The slew of long-awaited changes mark a milestone for SEC Chair Gary Gensler who has outlined an ambitious agenda to crack down on corporate wrongdoing and address inequities in the markets since joining the Wall Street watchdog in April.

The changes, which are subject to consultation, will affect a swathe of corporate America, from publicly traded companies and their top executives, to banking groups and asset managers including BlackRock, Vanguard, Fidelity and Goldman Sachs.

The proposed tightening of “10b5-1” corporate trading plans, in particular, will be cheered by progressives who have long said the current rules are too loose, allowing insiders to game the system and reap windfalls at the expense of ordinary investors.

The plans allow insiders to trade in the company's stock on a pre-determined future date, providing legal protection against potential allegations of insider trading on material non-public information. Critics say it is far too easy to adopt, amend or cancel trades with little scrutiny.

Wednesday's proposal requires executives to disclose those plans and any modifications, neither of which is currently required. For executives, the SEC also wants a "cooling off period" of 120 days between the adoption of a plan and the first trade. For companies trading in their own securities, the proposal would establish a 30-day cooling off period.

The proposal would also bar insiders from having several overlapping plans, which Mr. Gensler said may allow insiders to cherry-pick favorable plans as they please.

While critics have long said the plans are flawed, trades executed by executives at Pfizer and Moderna during the COVID-19 vaccine development process renewed scrutiny of such plans and highlighted transparency issues, said Daniel Taylor of the University of Pennsylvania's Wharton School.

“There is mounting evidence that these plans are, at best, being used in a manner in which they were not intended and, at worst, being abused to enrich corporate insiders,” he said.

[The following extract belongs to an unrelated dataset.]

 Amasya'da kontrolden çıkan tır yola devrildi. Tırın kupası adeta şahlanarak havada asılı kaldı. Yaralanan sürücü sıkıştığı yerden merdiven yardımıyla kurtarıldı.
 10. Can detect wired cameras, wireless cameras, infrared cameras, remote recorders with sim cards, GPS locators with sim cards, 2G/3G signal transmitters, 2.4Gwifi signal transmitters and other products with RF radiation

Separately, the agency also said it wants companies to disclose share buybacks one business day after a trade is executed, in contrast to the current quarterly disclosure rule.

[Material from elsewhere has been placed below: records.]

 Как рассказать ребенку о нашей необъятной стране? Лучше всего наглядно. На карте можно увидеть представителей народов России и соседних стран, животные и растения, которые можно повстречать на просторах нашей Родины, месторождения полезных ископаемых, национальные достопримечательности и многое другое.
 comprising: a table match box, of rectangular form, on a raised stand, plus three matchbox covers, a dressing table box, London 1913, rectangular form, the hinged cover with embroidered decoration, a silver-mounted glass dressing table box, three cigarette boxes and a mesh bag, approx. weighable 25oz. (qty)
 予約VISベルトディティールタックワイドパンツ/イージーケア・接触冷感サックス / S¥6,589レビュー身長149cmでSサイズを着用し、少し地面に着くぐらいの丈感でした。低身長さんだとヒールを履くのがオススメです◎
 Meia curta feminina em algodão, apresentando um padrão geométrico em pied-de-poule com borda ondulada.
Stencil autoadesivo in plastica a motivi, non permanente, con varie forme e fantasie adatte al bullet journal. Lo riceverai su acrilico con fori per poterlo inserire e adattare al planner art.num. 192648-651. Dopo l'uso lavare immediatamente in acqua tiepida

“These issues speak to the confidence that investors have in the markets. Anytime we can increase investor confidence in the markets, that’s a good thing,” Mr. Gensler said.

The agency also detailed changes to address systemic risks in the roughly $5 trillion U.S. money market fund sector, which was bailed out for a second time as investors fled those vehicles during the 2020 pandemic-induced turmoil.

Regulators have for years struggled to get a grip on the sector, which critics say now enjoys an implicit government guarantee.

On Wednesday, the SEC proposed new liquidity requirements, scrapping redemption fees and restrictions, and adjusting funds' value in line with dealing activity so as to transfer costs to redeeming investors, a process known as “swing pricing.”

The agency also outlined a plan to stamp out fraudulent, deceptive or manipulative conduct via security-based swaps.

Such privately negotiated derivatives were at the center of the Archegos meltdown that left Wall Street banks on the other side of the family office's trades nursing $10 billion in losses.

Under the new rule, investors will have to publicly disclose such trades.